The results showed that tumor cells expressed WT1, CD44, and other special Langerhans cell markers (langerin, CD1a, and S-100 protein). LCS cells in all the cases showed normal cytogenetic findings without overexpression of WT1 and CD44. The expression of WT1 and CD44 was observed on langerin+ tumor cells by dual immunofluorescence staining examination in LCS.

Our results suggest that WT1 and CD44 are potential biomarkers for LCS diagnosis. Clear understanding of their functional roles may further explain the pathogenesis of this highly malignant tumor and develop some novel immunotherapy strategies.



INTRODUCTION



Langerhans cell tumors include Langerhans cell histiocytosis (LCH) and Langerhans cell sarcoma (LCS). LCS is a rare malignant dendritic cell tumor that displays overtly malignant cytology that includes the Langerhans cell phenotype. The overall survival of LCS is ~50% within 1.5 years even after being administrated with a combination of radiotherapy and chemotherapy or with surgery and local radiotherapy.



LCS diagnosis is difficult and requires differentiation from other tumors such as metastatic cancer, malignant melanoma, anaplastic large-cell lymphoma, myeloid sarcoma, and malignant fibrous histiocytoma, as well as from LCH. Various immunochemical antibodies, such as langerin, S-100 protein, and CD1a, have been introduced for LCS diagnosis, but the results were not ideal. Thus, more specific biomarkers should be determined for the diagnosis and differential diagnosis of LCS.



Wilms tumor 1 (WT1) gene is originally isolated as a tumor suppressor gene inactivated in the childhood kidney neoplasm Wilms tumor. WT1 gene plays a biological role by regulating the expression of different genes, such as transforming growth factor β Bcl-2, and human telomerase reverse transcriptase. WT1 is also a transcriptional regulator that plays a central role in the development of several organs and tissues, such as kidneys, gonads, and spleen.
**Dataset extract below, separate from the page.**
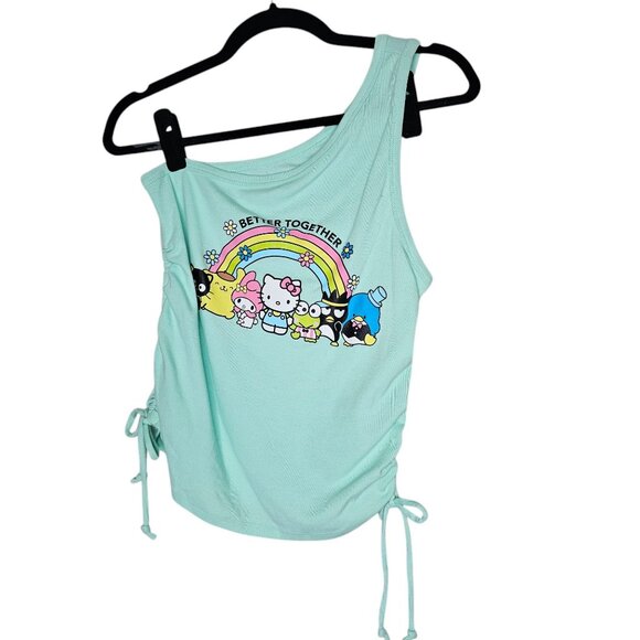 Minty green one shoulder tank top with adjustable ruched sides. Hello kitty and friends graphic.

Further research revealed that WT1 gene is overexpressed in various cancer cells, including leukemia, lung cancer, and breast cancer. These studies showed that WT1 expression is strongly associated with cancer progression and tumor-related patient prognosis. Additional studies demonstrated WT1 as an oncogene in several tumors.



Cluster of differentiation 44 (CD44) is a cell-surface transmembrane glycoprotein involved in cell–cell interactions, lymphocyte activation, cell adhesion, recirculation and homing, adhesion of extracellular matrix, and angiogenesis, as well as cell proliferation, differentiation, and migration. CD44 can also activate various receptor tyrosine kinases in many cancers. Moreover, CD44 plays an important role in invasion and metastasis of various tumor cells. These properties are associated with the pathologic activities of cancer cells.



However, WT1 and CD44 may serve as potential diagnostic and prognostic biomarkers, but no reports exist about the expression of WT1 and CD44 in LCS. In the present study, we detected the expression of the WT1 protein and CD44 in LCS using immunohistochemical and fluorescence detection to assay the expression of WT1 and CD44 on neoplastic cells and to estimate whether they serve as useful diagnostic and prognostic markers for LCS.